(WIP) Pangenome Graphs in Rust
I recently did a project for a course at my university called “Algorithms and Data Structures”. It was about “Pangenome Graphs”, we had to implement parsing for a specific format and then implement some algorithms on top of it.
Mostly for the meme I decided to do the project in Rust, and I’m quite happy with the result. I almost never have the chance to write Rust code, so it was nice for a change.
The project is open-source and you can find it on my GitHub profile at aziis98/asd-2024.
What are Pangenome Graphs?
Pangenome Graphs are a data structure used in bioinformatics to represent the genetic information of a population. They are are used to store multiple genomes in a single file, and this is almost all I know about them.
Parsing the GFA format
We had to implement a small parser for the GFA format, which is a simple text format that describes a Pangenome Graph, here is an example:
H VN:Z:1.0
S 11 G
S 12 A
S 13 T
S 14 T
S 15 A
S 16 C
S 17 A
S 21 G
S 22 A
S 23 T
S 24 T
S 25 A
L 11 + 12 + *
L 11 + 13 + *
L 12 + 14 + *
L 13 + 14 + *
L 14 + 15 + *
L 14 + 16 + *
L 15 + 17 + *
L 16 + 17 + *
L 21 + 22 + *
L 21 + 23 + *
L 22 + 24 + *
L 23 + 24 - *
L 24 + 25 + *
P A 11+,12+,14+,15+,17+ *,*,*,*
P B 21+,22+,24+,25+ *,*,*
W sample 1 A 0 5 >11>12>14>15>17
W sample 2 A 0 5 >11>13>14>16>17
W sample 1 B 0 5 >21>22>24<23<21
W sample 2 B 0 4 >21>22>24>25
Here is a brief explanation of the format:
-
H
is the header, it contains an id for this graph. -
S
are the sequences, each node in the graph is a sequence of DNA bases. -
L
are the links, they connect two nodes in the graph. Nodes can be followed in forward or reverse direction (indicated by+
or-
). If the node is followed in the reverse direction then its sequence is reversed and complemented (A -> T, T -> A, G -> C, C -> G). -
P
are “example” paths, I think they are used to tell how to reconstruct each specific genome sequence from the graph.
Actuall I’m not really sure about the difference between the P
and W
records, they seem to be doing mostly the same thing.
The parser
The dataset we were given were quite large, so I decided to use extensively the indicatif crate to show a progress bar while doing the various operations. For example, the parser takes a reader and the number of lines in the file to process.
pub fn parse_source<R: Read>(reader: R, line_count: u64) -> io::Result<Vec<Entry>> {
let mut entries = Vec::new();
let mut skipped = Vec::new();
for line in BufReader::new(reader).lines().progress_count(line_count) {
...
if line.is_empty() || line.starts_with('#') {
continue;
}
let entry = match line.chars().next().unwrap() {
'H' => parse_header(line),
'S' => parse_segment(line),
'L' => parse_link(line),
_ => {
skipped.push(line.chars().next().expect("got empty line"));
continue;
}
};
entries.push(entry);
}
...
Ok(entries)
}
Skipped Line Compaction
What I think I really like about Web Browser’s DevTools is the ability to automatically count repeated console.log
messages, I wanted to do something similar for the parser.
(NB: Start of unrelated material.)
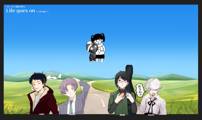 @trpg_tl 「Life goes on ~人生は続く~」、PLけぐまさん/PC夏目 輝夜さん、PLむくさん/PC青宍 椒さん、PLさじょさん/PC天月 暁さんをお迎えして回してます。お昼休憩~!!みんながんばっていこね!
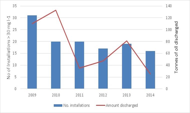 Although a trend was not discernible, the observed improvement in the number of installations exceeding the OSPAR performance standard of 30 mg l-1 oil for dispersed oil in produced water discharged to sea over the period of the assessment may be partly attributed to efforts made through annual reporting, where Operators are obliged to report reasons for exceedance and action being taken to prevent future exceedances.

I wanted to see how many lines of each type were skipped without flooding the console with messages.
for (s, count) in skipped.iter().fold(Vec::new(), |mut acc, s| {
if let Some((last, count)) = acc.last_mut() {
if *last == s {
*count += 1;
} else {
acc.push((s, 1));
}
} else {
acc.push((s, 1));
}
acc
}) {
eprintln!("Skipped {} lines of type: {}", count, s);
}
I think this is a nice way to compact the skipped lines and print them in a single message. Some day I might try to write a nice logging library that does this and maybe supports pushing indentation scopes (really useful for recursive functions and nice output formatting).
TODO: …
Copy
vs Clone
Initially I didn’t really know the difference between Copy
and Clone
in Rust. I thought that Copy
was more efficient than Clone
and so I should always use Copy
when possible.
This made me end up trying to write specializations for being Copy
or Clone
, but I later found out that Copy: Clone
. Actually Rust is smart enough to know that if a type is Copy
then it can be Clone
d without any overhead. This means that to write a generic function that works with both Copy
and Clone
types one can simply use T: Clone
as a bound.
Edge Type Classification
The next step was to classify the edge types (tree, forward, backward, cross) in the graph. To do this I found an implementation using node visit times.
After some wrong attempts I finally found a working solution, here is the code:
def dfs(g):
results = DFSResult()
for vertex in g.vertices():
if vertex not in results.parent:
dfs_visit(g, vertex, results)
return results
def dfs_visit(g, v, results, parent=None):
results.parent[v] = parent
results.t += 1
results.start_time[v] = results.t
if parent is not None:
results.edges[(parent, v)] = 'tree'
for n in g.neighbors(v):
if n not in results.parent: # n is not visited
dfs_visit(g, n, results, v)
elif n not in results.finish_time:
results.edges[(v, n)] = 'back'
elif results.start_time[v] < results.start_time[n]:
results.edges[(v, n)] = 'forward'
else:
results.edges[(v, n)] = 'cross'
results.t += 1
results.finish_time[v] = results.t
results.order.append(v)
I tried to naively translate this to Rust, but this function is recursive and ended up in stack overflow for the large test datasets. So I tried to rewrite it using an iterative approach.
Let’s first notice the following about the call stack of the recursive function:
> call to dfs(g)
> call to dfs_visit(g, v_1)
. for n in g.neighbors(v_1)
. n = n_1 (not visited)
> call to dfs_visit(g, n_1)
...
. n = n_2 (not visited)
> call to dfs_visit(g, n_2)
...
. n = n_3 (maybe this now is already visited)
> skipping the call to dfs_visit
. n = n_4 (not visited)
> call to dfs_visit(g, n_4)
...
As we can see when we call dfs_visit
we are actually pausing the current function, doing the recursive call with new arguments and then resuming the current function from where we left off in the for loop. So to convert this to an iterative function we need to keep track of how to resume and “continue” the previous function.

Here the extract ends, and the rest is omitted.